• [Task statement]: Give again only the lines from the line that holds "Поднос Medium от" to the end of the data, inclusive, omitting all pictures.

• [Records provided]:
--- START ---
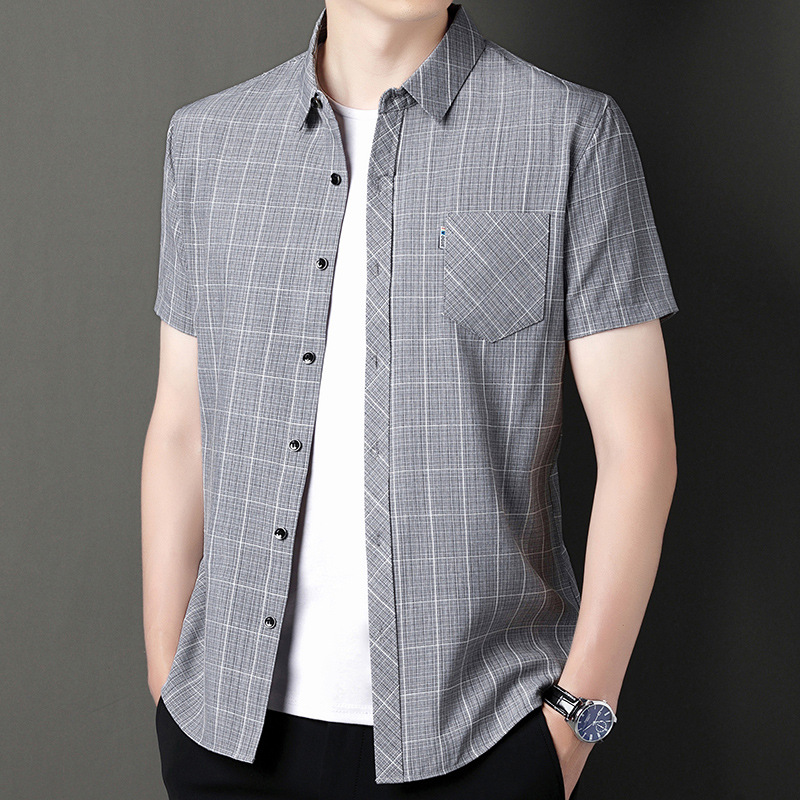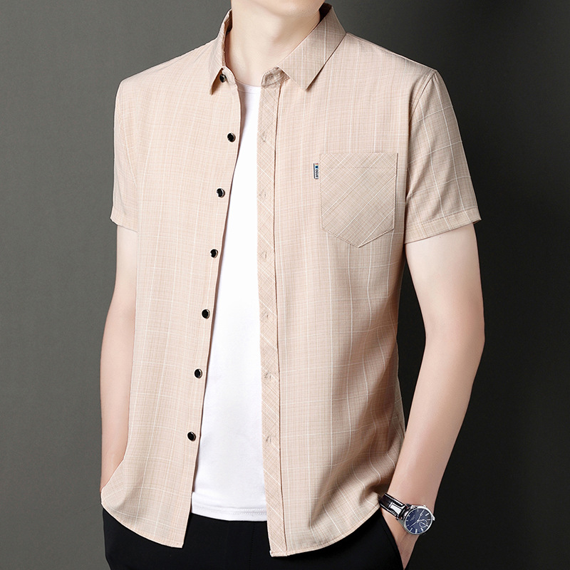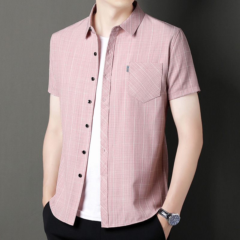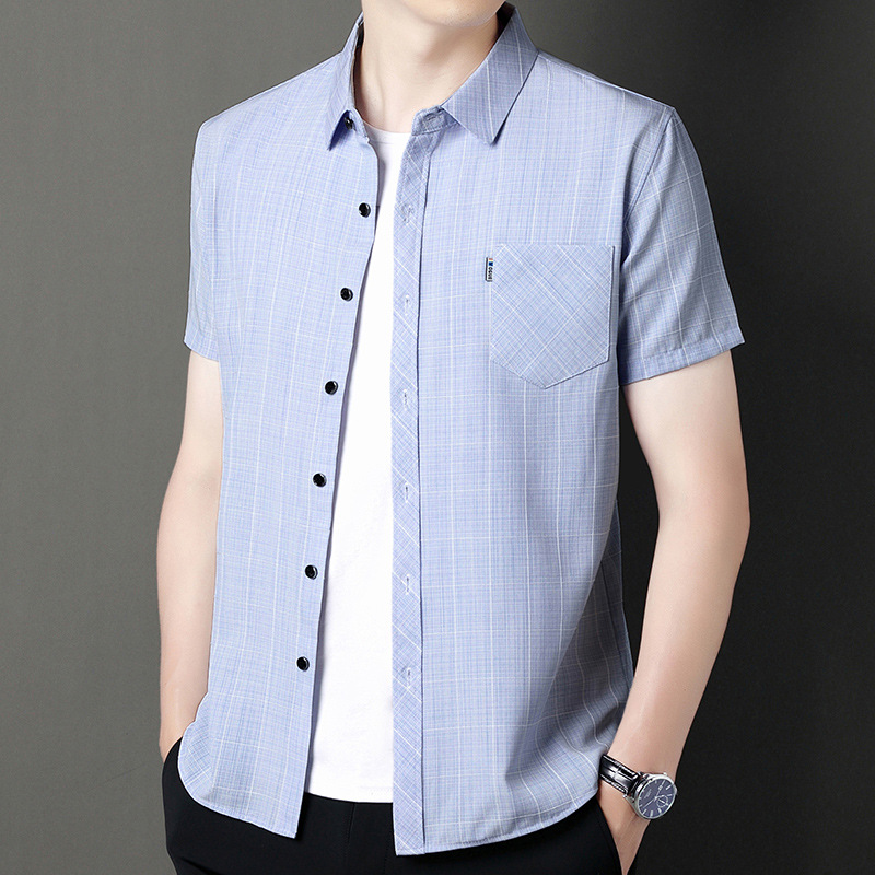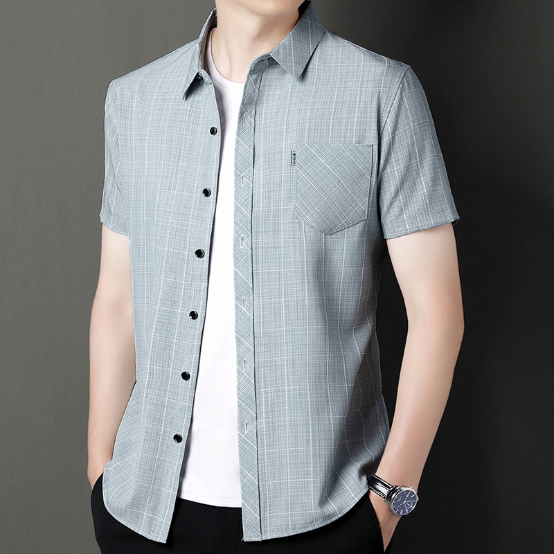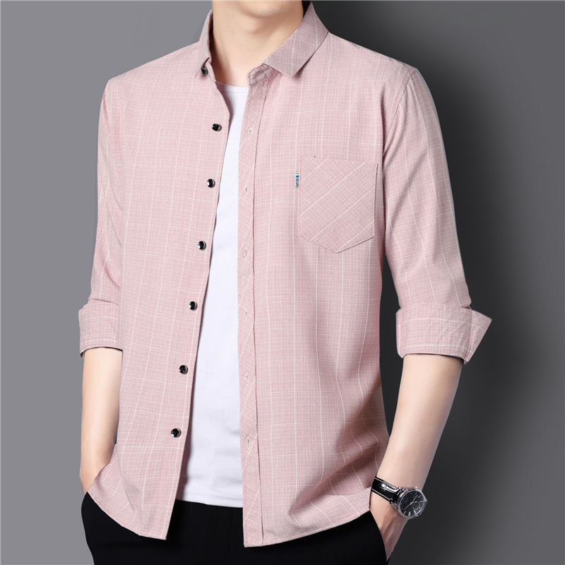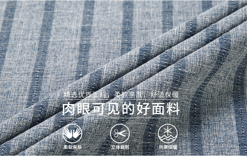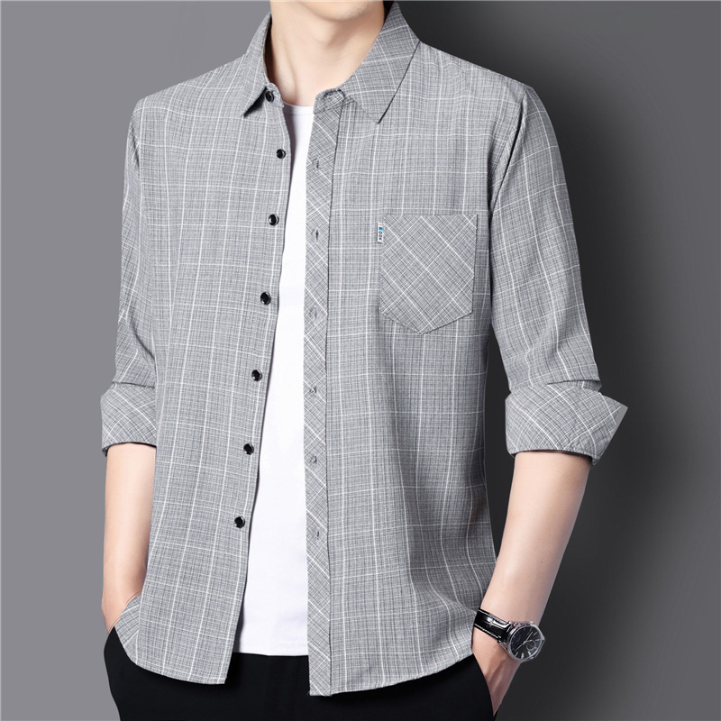 봄과 가을 두꺼운 긴팔 셔츠 남성용 느슨한면과 린넨 셔츠 젊고 중년의 느슨한 린넨 비즈니스 캐주얼 스트라이프스토어 가기
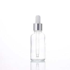 30ml; シルバーリング + 白いプラスチックチップドロッパー + 透明ボトル; ガラス
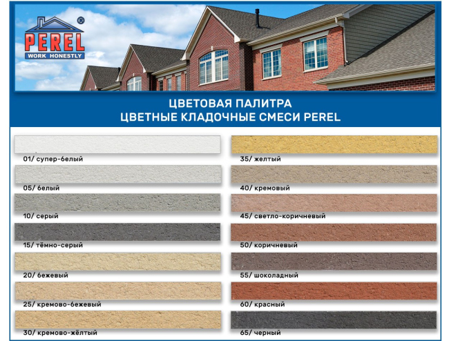 Какой же цвет кладки выбрать? Чтобы ответить на этот вопрос, возьмем за основу кладочные смеси марки Perel. Продукция этого бренда занимает лидирующие позиции на российском рынке по причине оптимального соотношения цены и качества. Самой популярной считается серая смесь, так как она считается универсальной. Если вам нужна , то стоит рассмотреть ТОП 5 цветов:
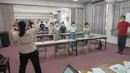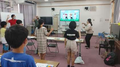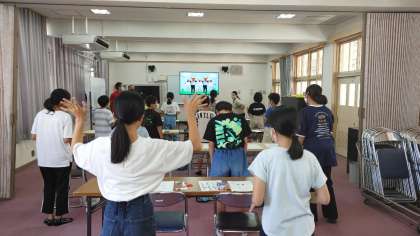 集会室に集まった児童は、C NETの先生と英語で会話したり、ダンスを楽しみました。
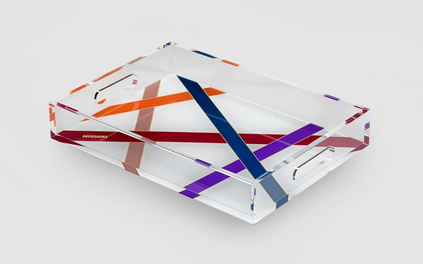 Поднос Medium от колекцията Nastri Multicolor от Missoni Home. Тази зашеметяваща колекция от акрилно стъкло е характерна и цветна – всичко, което бихте очаквали от серия на Missoni Home. Колекцията се характеризира с хармония, класика и елегантност.
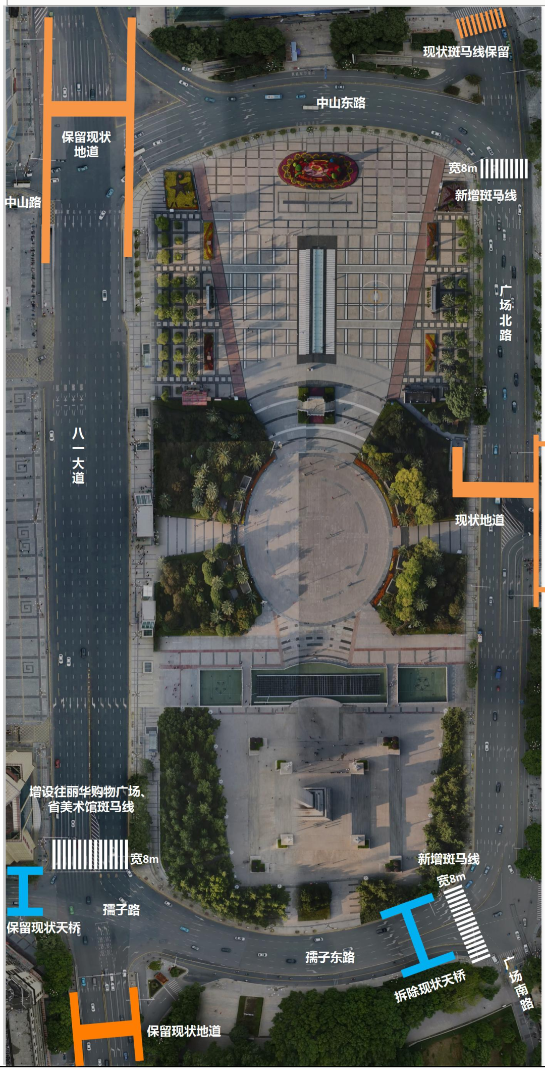 南昌八一广场交通有大变化 新增3条斑马线将于近日开放使用
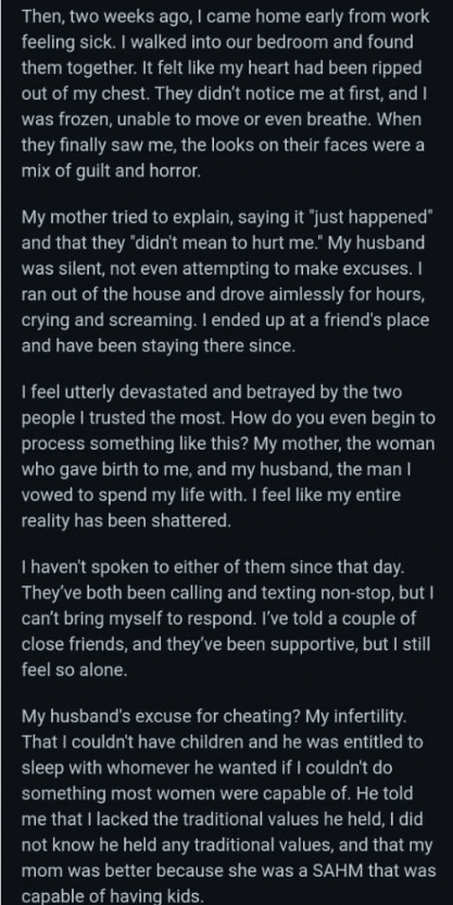“I can’t believe I’m actually typing these words, but I need to get this off my chest. My (26F) husband (34M) is having an affair with my mother (57F), and I feel like my entire world is crashing down around me.
--- END ---
• [Completed exercise]:
 Поднос Medium от колекцията Nastri Multicolor от Missoni Home. Тази зашеметяваща колекция от акрилно стъкло е характерна и цветна – всичко, което бихте очаквали от серия на Missoni Home. Колекцията се характеризира с хармония, класика и елегантност.
 南昌八一广场交通有大变化 新增3条斑马线将于近日开放使用
“I can’t believe I’m actually typing these words, but I need to get this off my chest. My (26F) husband (34M) is having an affair with my mother (57F), and I feel like my entire world is crashing down around me.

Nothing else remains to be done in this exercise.